Grosse Abfahrt is Tom Djll trumpets n electronics, Chris Brown piano, Jen Baker Trombone, Fred Frith Guitar, Matt Ingalls clarinet and fiddle, Tim Perkis, electronics, Gino Robair, percussion, Doepfer modules, and John Shirurba, guitar.  

So you have eight people doing free improv.  With eight people performing freely structured improv brings some curious results.  The main issue is that the performers can hear and respond to the mass in general and the performers most closely next to them; but because of seating and monitoring arrangements, performers could clearly not hear or be fully aware of what people seated away from them were doing.  I don't think Tom Djll and Fred Frith had any line of sight or ability to really hear the more subtle things they were doing, as they had three other performers right between them.  Maybe complete sight lines are not necessary; but the group ends up jiving player-to-mass as opposed to player-to-player.  

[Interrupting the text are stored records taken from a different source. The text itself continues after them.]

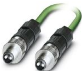
Assembled FO cable, round cable, 200/230 µm PCF-GI fiber, M12 to M12, for installation inside buildings, length: 5 m

Please be informed that the data shown in this PDF Document is generated from our Online Catalog. Please find the complete data in the user's documentation. Our General Terms of Use for Downloads are valid ( http://phoenixcontact.com/download )
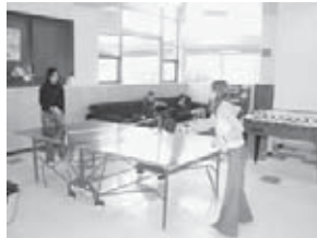
Improve programs and facilities for youth
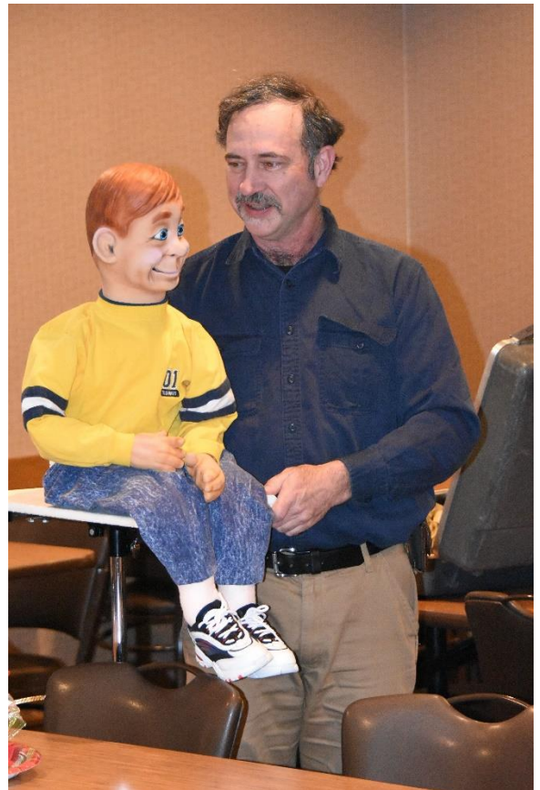
KC9ZXO and his little buddy
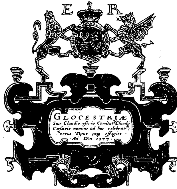
Cartouche from Saxton's map of Gloucestershire

It is interesting that on Saxton's map are shown The Vynyard just south of Tewkesbury and the Vinyerd west of Gloucester.
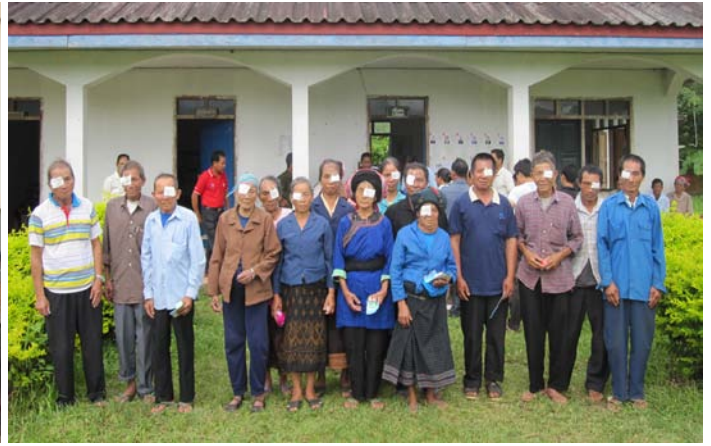
Cataract post-surgery 1 st day In Yord-U district, Phongsaly province

Without any conductor or imposed structure, another issue was the way the improvisations were constructed.  Players seemed too restless to "lay out" for extended periods, so with eight of them, there were few really effective call-and-response passages, duets, solos, or trios.  These usually occurred at the beginning of an improvisation, or as things were winding down.  

The players all made great sounds and there were many surprises.  Tom Djill used a CD as a mute, and played a strange little mini trumpet, and was fascinating to watch.  Fred Frith, guitarist extraordinare on the scene for decades, dropped metal chains onto his pickups making astounding noises.  Gino Robair, Clubfoot Alumnus, made wonder happen in percussion land.  All the players are fine musicians.  It would have been great if there had been more solo and true duet moments.  Slow down.  Breathe deeply.  Let music happen.  As John Cage would advise, pay attention to the rests, pay attention to where you do not play.  How can you analyze the rests in your composition or improvisation?

I must commend Diane Grubbe and the Trinity Chamber Concert Series for booking and presenting new, adventurous, electro acoustic music.  It is truly wonderful, new, vibrant, and exciting, and it's a great programmer and curator who will include it on an equal footing in their chamber music series.